Copy the data below exactly. Any pictures in it should be omitted.

> [TASK INPUT]:

>>

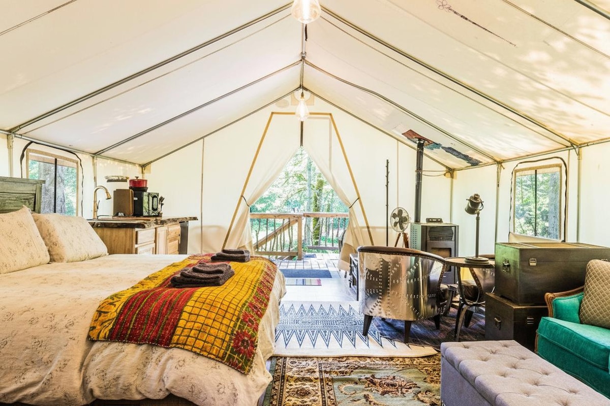 平均评分 4.92 分(满分 5 分),共 52 条评价帐篷空间,带热水浴缸,宽敞的30英亩河滨土地
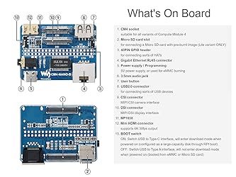 [Nano Base Board (B) For Raspberry Pi Compute Module 4] Suitable For Evaluating The Raspberry Pi CM4 Or Being Integrated Into End Products [Same Size As The CM4]Standard CM4 Socket,Suitable For Narrow Application Environment [Multiple Peripheral Interfaces]Standard CM4 Socket, 40PIN GPIO, Gigabit Ethernet, USB2.0, DSI, CSI, 3.5mm Audio Jack… [STORAGE]Micro SD card socket for Compute Module 4 Lite (without eMMC) variants [Note]The CM4 is NOT included. Please buy it separately if necessary.
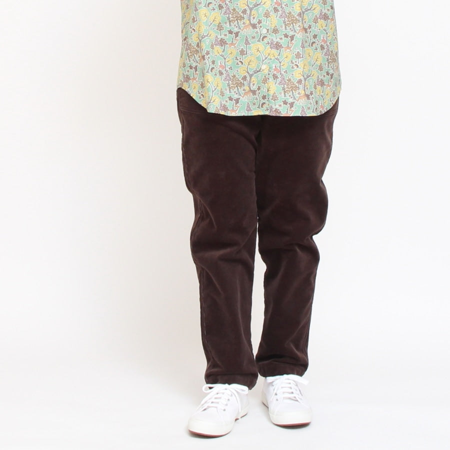 伸びが良く、保温性の高い裏起毛素材を使用した細畝のコーデュロイ素材。
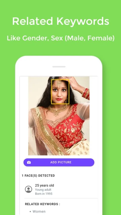 - After scanning You’ll find the guessed age with some interesting characteristics like gender, status, situation, feeling, etc.
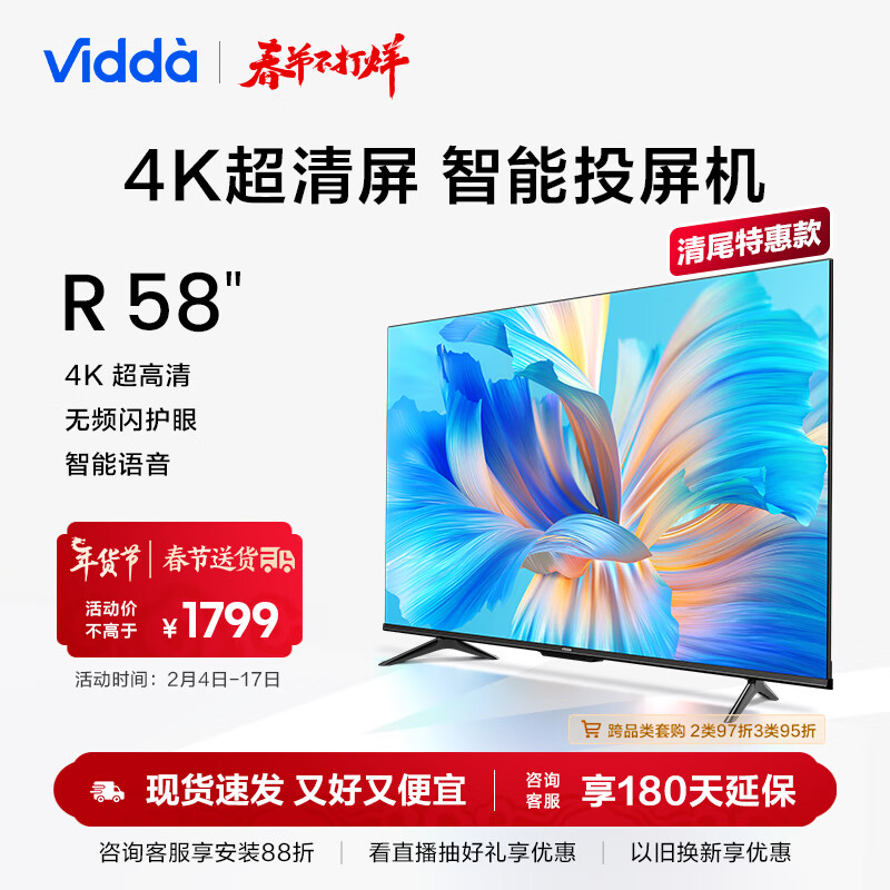 Vidda 海信 R58 58英寸 超高清 超薄屏电视 智慧屏 教育电视 游戏巨幕智能液晶电视以旧换新58V1F-R价格:1799.00元!
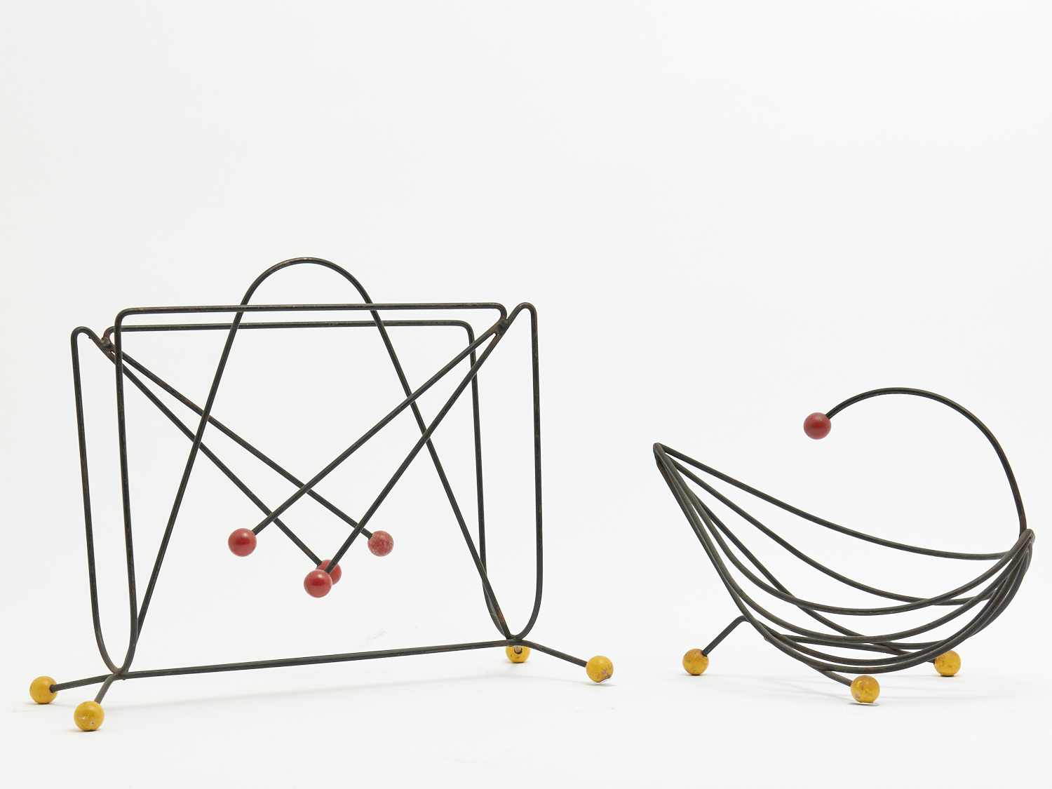A MID-CENTURY ATOMIC STYLE WIRE BASKET AND MAGAZINE RACK H.31CM (TALLEST), LEONARD JOEL LOCAL DELIVERY: MEDIUM
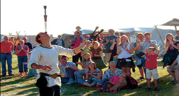 Kurzweil angebotenene Gaukelei und Jonglage folgen, die übrigens
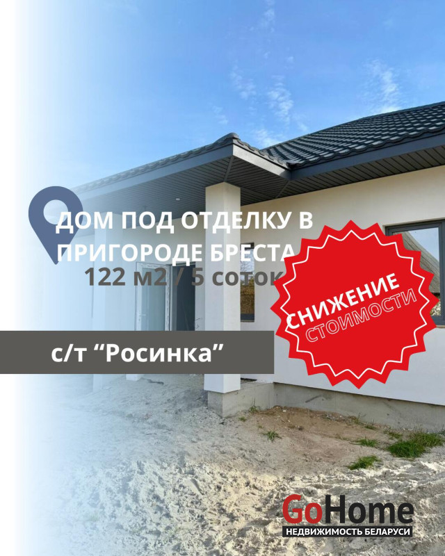 Подписывайтесь на наш instagram @ecrzby для удобного слежения за новыми актуальными объектами.В продаже современный жилой дом 2025 года постройки в СТ "Росинка" (в направлении Каменицы-Жировецкой). Общая площадь участка 0.0503га. Дом имеет бетонный монолитный фундамент, стены из газосиликатных блоков (300 мм), утеплены пенополистиролом (50 мм), на них нанесена камешковая декоративная штукатурка, кровля – металлочерепица. Окна ПВХ с тройным остеклением и входная дверь ПВХ. Общая площадь дома - 122 кв.м. Высота потолка 3м. Включает: кухню-гостиную, площадью 46,35 м2, с выходом на крытую террасу общей площадью 15 м2. Также в доме имеется три жилых комнаты 13 м2 + 13 м2,и одна (15.4 м2) представляет собой мастер-спальню с собственным санузлом 3.5 м2 и гардеробной 2.9 м2. Санузел (5.33 м2), топочная (9 м2). Есть место для стиральной машины и дополнительный туалет, лестница на просторный чердак. Стены в доме оштукатурены, электропроводка сантехника разведена. Коммуникации: Электроснабжение есть Газоснабжение – централизованное Водоснабжение – скважина с насосом Гидрофор Канализация – местная (две переливных ёмкости) Интернет – оптоволокно от Белтелекома (по улице). Участок огорожен с трёх сторон забором. До остановки общественного транспорта 300 м, рядом есть магазин.
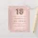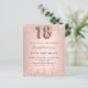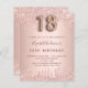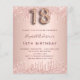 Une invitation moderne, élégante et glamour pour la fête du 18e anniversaire d'une fille. Un faux rose or à l'apparence métallique arrière - plan avec une élégante parties scintillant d'or faux rose goutte à goutte, peinture goutte à goutte. Le nom est écrit avec un rose moderne de couleur or foncé à la main écriture style. Personnalisez et ajoutez les détails de votre fête. Le numéro 18 est écrit avec une police de style ballon, script.
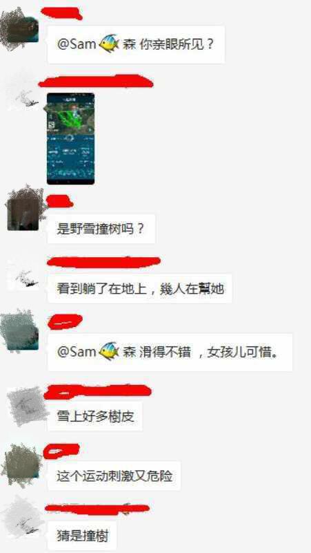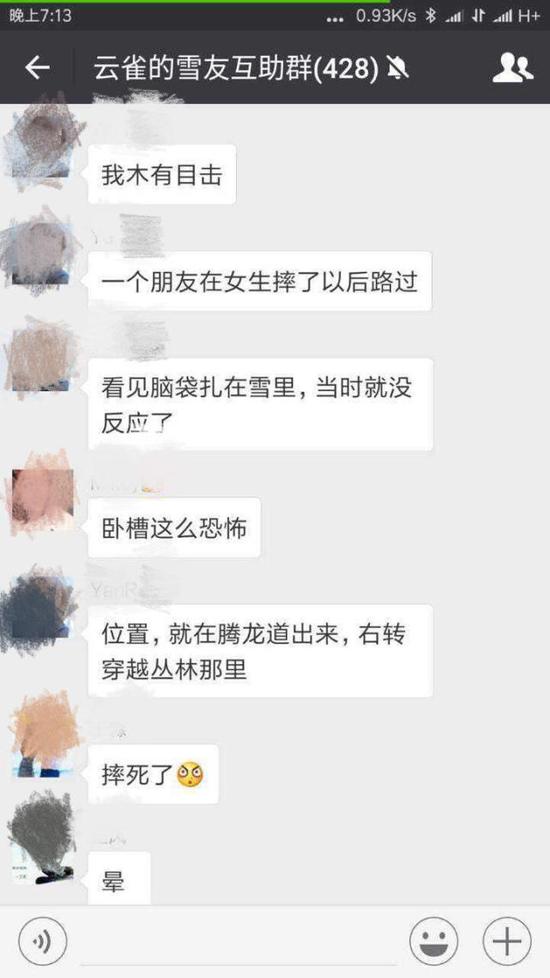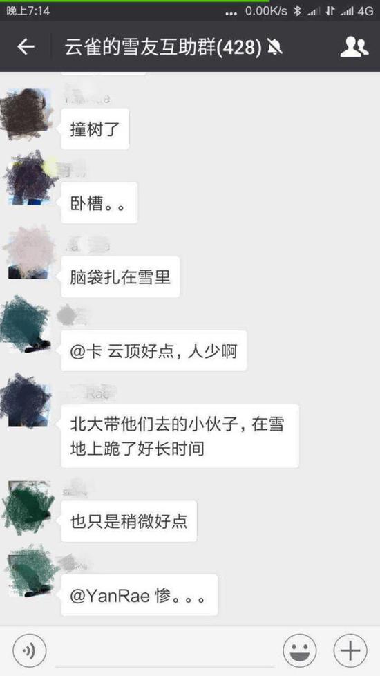 京華時報記者在百度貼吧單板滑雪吧內搜帖發(fā)現(xiàn),一位網(wǎng)名為“天使之王47”的網(wǎng)友于1月17日中午發(fā)帖稱“萬龍雪場騰龍道發(fā)生一名北大碩士滑雪撞樹的事故”,并上傳了多張名稱為“云雀的雪友互助群”的群聊截圖,聊天記錄中顯示“撞樹了”、“腦袋扎在雪里”、“雪上好多樹皮”、“位置,就在騰龍道出來,右轉穿越叢里那里”等描述。
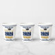 Customize your own navy blue and gold high school Class of 2026 graduate paper cups for a high school or college graduation party. Cool varsity letters for the year on great custom decor for seniors.
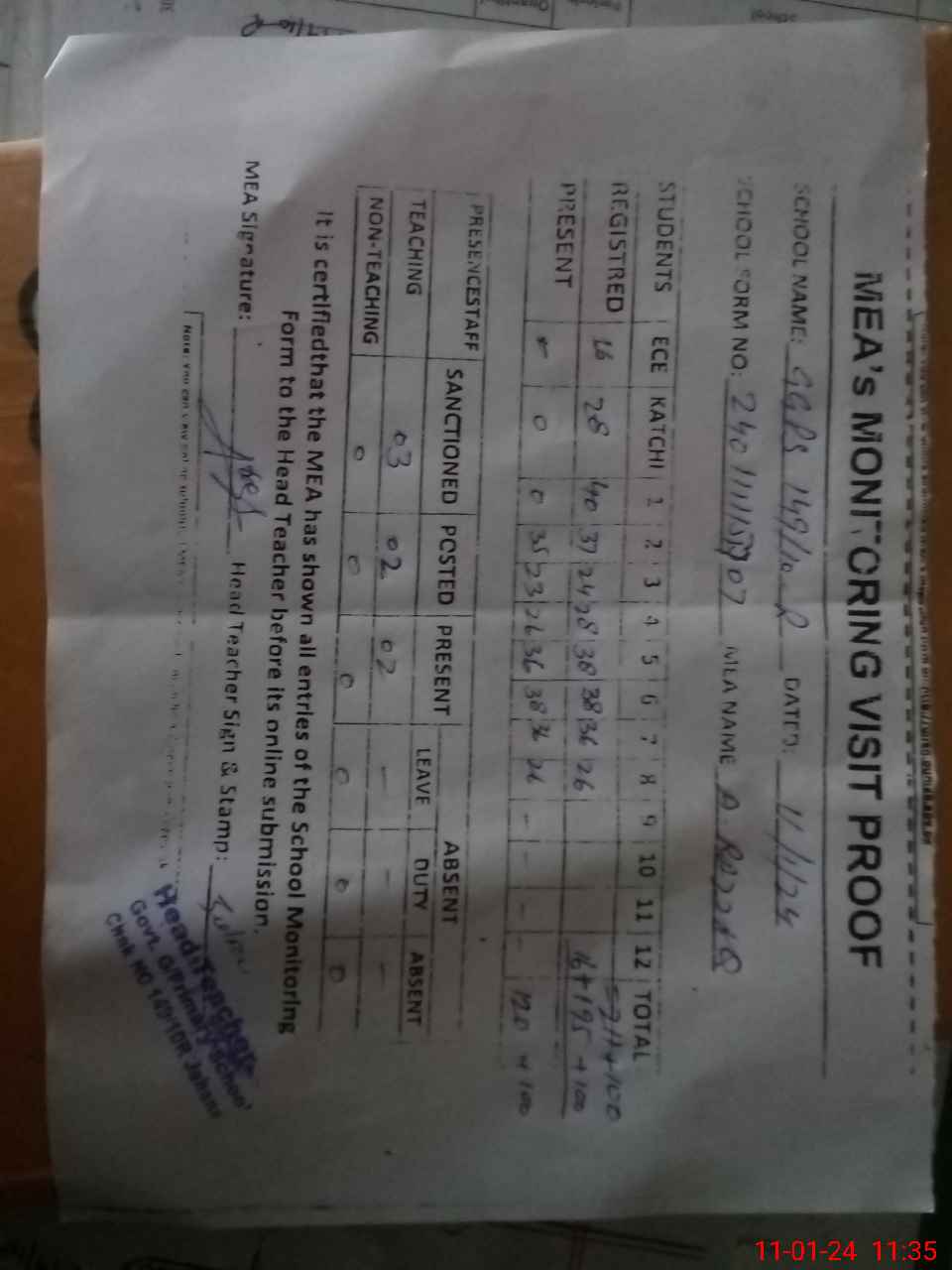 | Attendance Register | Head Teacher | MEA with School | Visit Proof |
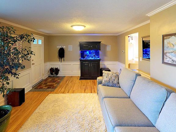 Clean and updated 3 bed, 2 bath home for sale in southside La Grande. This home features hardwood floors, light and bright spaces, updated windows and a newer furnace. Beautiful backyard for entertaining with deck, open and covered patio, large lawn and manicured gardens. Attached storage garage and small storage outbuilding. Relaxing sounds from Mill Creek frontage. Private treed setting in town! Close to EOU and hospital. Call today.
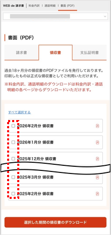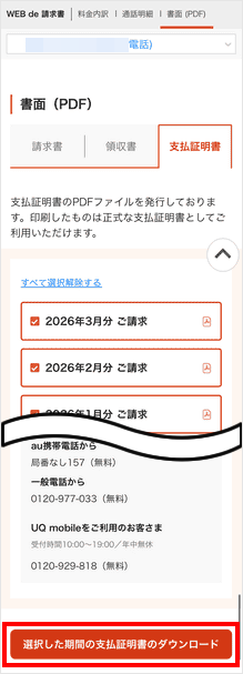 支払方法が口座振替の場合にのみ、過去18カ月分の領収書をMy UQ mobile(Web)の「WEB de 請求書」からPDF形式でダウンロードできます。

<<

> [SOLUTION TO THIS EXERCISE]:
 平均评分 4.92 分(满分 5 分),共 52 条评价帐篷空间,带热水浴缸,宽敞的30英亩河滨土地
 [Nano Base Board (B) For Raspberry Pi Compute Module 4] Suitable For Evaluating The Raspberry Pi CM4 Or Being Integrated Into End Products [Same Size As The CM4]Standard CM4 Socket,Suitable For Narrow Application Environment [Multiple Peripheral Interfaces]Standard CM4 Socket, 40PIN GPIO, Gigabit Ethernet, USB2.0, DSI, CSI, 3.5mm Audio Jack… [STORAGE]Micro SD card socket for Compute Module 4 Lite (without eMMC) variants [Note]The CM4 is NOT included. Please buy it separately if necessary.
 伸びが良く、保温性の高い裏起毛素材を使用した細畝のコーデュロイ素材。
 - After scanning You’ll find the guessed age with some interesting characteristics like gender, status, situation, feeling, etc.
 Vidda 海信 R58 58英寸 超高清 超薄屏电视 智慧屏 教育电视 游戏巨幕智能液晶电视以旧换新58V1F-R价格:1799.00元!
A MID-CENTURY ATOMIC STYLE WIRE BASKET AND MAGAZINE RACK H.31CM (TALLEST), LEONARD JOEL LOCAL DELIVERY: MEDIUM
 Kurzweil angebotenene Gaukelei und Jonglage folgen, die übrigens
 Подписывайтесь на наш instagram @ecrzby для удобного слежения за новыми актуальными объектами.В продаже современный жилой дом 2025 года постройки в СТ "Росинка" (в направлении Каменицы-Жировецкой). Общая площадь участка 0.0503га. Дом имеет бетонный монолитный фундамент, стены из газосиликатных блоков (300 мм), утеплены пенополистиролом (50 мм), на них нанесена камешковая декоративная штукатурка, кровля – металлочерепица. Окна ПВХ с тройным остеклением и входная дверь ПВХ. Общая площадь дома - 122 кв.м. Высота потолка 3м. Включает: кухню-гостиную, площадью 46,35 м2, с выходом на крытую террасу общей площадью 15 м2. Также в доме имеется три жилых комнаты 13 м2 + 13 м2,и одна (15.4 м2) представляет собой мастер-спальню с собственным санузлом 3.5 м2 и гардеробной 2.9 м2. Санузел (5.33 м2), топочная (9 м2). Есть место для стиральной машины и дополнительный туалет, лестница на просторный чердак. Стены в доме оштукатурены, электропроводка сантехника разведена. Коммуникации: Электроснабжение есть Газоснабжение – централизованное Водоснабжение – скважина с насосом Гидрофор Канализация – местная (две переливных ёмкости) Интернет – оптоволокно от Белтелекома (по улице). Участок огорожен с трёх сторон забором. До остановки общественного транспорта 300 м, рядом есть магазин.
 Une invitation moderne, élégante et glamour pour la fête du 18e anniversaire d'une fille. Un faux rose or à l'apparence métallique arrière - plan avec une élégante parties scintillant d'or faux rose goutte à goutte, peinture goutte à goutte. Le nom est écrit avec un rose moderne de couleur or foncé à la main écriture style. Personnalisez et ajoutez les détails de votre fête. Le numéro 18 est écrit avec une police de style ballon, script.
 京華時報記者在百度貼吧單板滑雪吧內搜帖發(fā)現(xiàn),一位網(wǎng)名為“天使之王47”的網(wǎng)友于1月17日中午發(fā)帖稱“萬龍雪場騰龍道發(fā)生一名北大碩士滑雪撞樹的事故”,并上傳了多張名稱為“云雀的雪友互助群”的群聊截圖,聊天記錄中顯示“撞樹了”、“腦袋扎在雪里”、“雪上好多樹皮”、“位置,就在騰龍道出來,右轉穿越叢里那里”等描述。
 Customize your own navy blue and gold high school Class of 2026 graduate paper cups for a high school or college graduation party. Cool varsity letters for the year on great custom decor for seniors.
 | Attendance Register | Head Teacher | MEA with School | Visit Proof |
 Clean and updated 3 bed, 2 bath home for sale in southside La Grande. This home features hardwood floors, light and bright spaces, updated windows and a newer furnace. Beautiful backyard for entertaining with deck, open and covered patio, large lawn and manicured gardens. Attached storage garage and small storage outbuilding. Relaxing sounds from Mill Creek frontage. Private treed setting in town! Close to EOU and hospital. Call today.
 支払方法が口座振替の場合にのみ、過去18カ月分の領収書をMy UQ mobile(Web)の「WEB de 請求書」からPDF形式でダウンロードできます。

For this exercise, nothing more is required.